Before dropping experts from a deployed MoE checkpoint, verify three things from the target distribution. First, confirm whether the router is hard or soft, because the calibration guarantee only transfers cleanly in the hard case arXiv:2606.20544. Second, check that the retained experts are calibrated, and ideally stress-test them with an adversarial reweighting guard that penalizes aggregate calibration errors under distribution shift arXiv:2606.20544. Third, look beyond accuracy: two pruned configurations can score similarly on standard metrics yet differ substantially in logical compliance, which accuracy alone does not capture arXiv:2606.20208.

What would the missing pruning paper need to show?

To justify the title’s claim, the missing study would need to compare expert retention strategies on named MoE checkpoints and report retained accuracy, calibration error, and memory reduction for both hard- and soft-routed variants. Specifically, it would need to show that selecting experts by attribution coverage dominates a magnitude baseline on the same benchmark suite, and that the advantage holds after distribution shift. The current fetched sources do not contain that comparison. Until they do, the safest position is that hard-routed MoEs can be compressed in principle once experts are calibrated, while soft-routed ones require an additional aggregate-level guard, and attribution-guided pruning remains a plausible but unproven strategy.

Frequently Asked Questions

Does the calibration guarantee apply to any sparse MoE, or only to hard-routed ones?

It applies specifically to hard-routed MoEs, and the paper shows it holds across a broad class of distribution shifts. In that routing regime, calibrating each expert is sufficient to keep the full model calibrated. Soft-routed MoEs mix expert outputs continuously, so the same per-expert calibration does not transfer to the aggregate.

How is adversarial reweighting different from just temperature-scaling the final probabilities?

Temperature scaling calibrates the aggregate output but does not explicitly penalize calibration errors under distribution shift. The adversarial reweighting method targets the routed aggregate’s calibration error under shift, and the paper reports improvements in the accuracy-calibration tradeoff across multiple model classes, tasks, and distribution shifts.

What ongoing cost does serving a pruned hard-routed MoE impose?

Teams need to keep a calibration-validation loop running on the target distribution and, ideally, an adversarial reweighting guard on the aggregate.

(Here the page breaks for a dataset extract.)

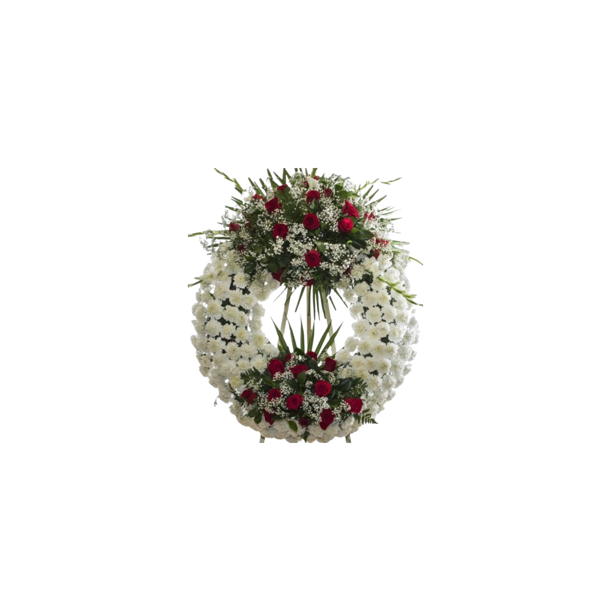 corona de difunto blanca con dos cabezeros de rosas

The related clinical attribution work shows attribution divergence can cut expected calibration error from 0.254 to 0.080, but that result was on tabular data and did not access model internals, so it cannot be dropped into language MoEs without revalidation.

Where can a pruned MoE pass accuracy tests and still be unsafe?

Two pruned configurations can have nearly identical accuracy yet differ substantially in logical compliance, which standard accuracy metrics do not capture. In soft-routed MoEs, the aggregate can also become uncalibrated even when every retained expert is individually calibrated, because removing experts changes the mixture weights.

What would the missing pruning paper need to show to justify attribution-guided compression?

It would need to compare attribution-guided and magnitude-based expert retention on named checkpoints such as DeepSeek V4, Qwen, or GLM, reporting retained accuracy, calibration error, and memory reduction for both hard- and soft-routed variants after distribution shift. Without that comparison, attribution-guided pruning is plausible but unproven.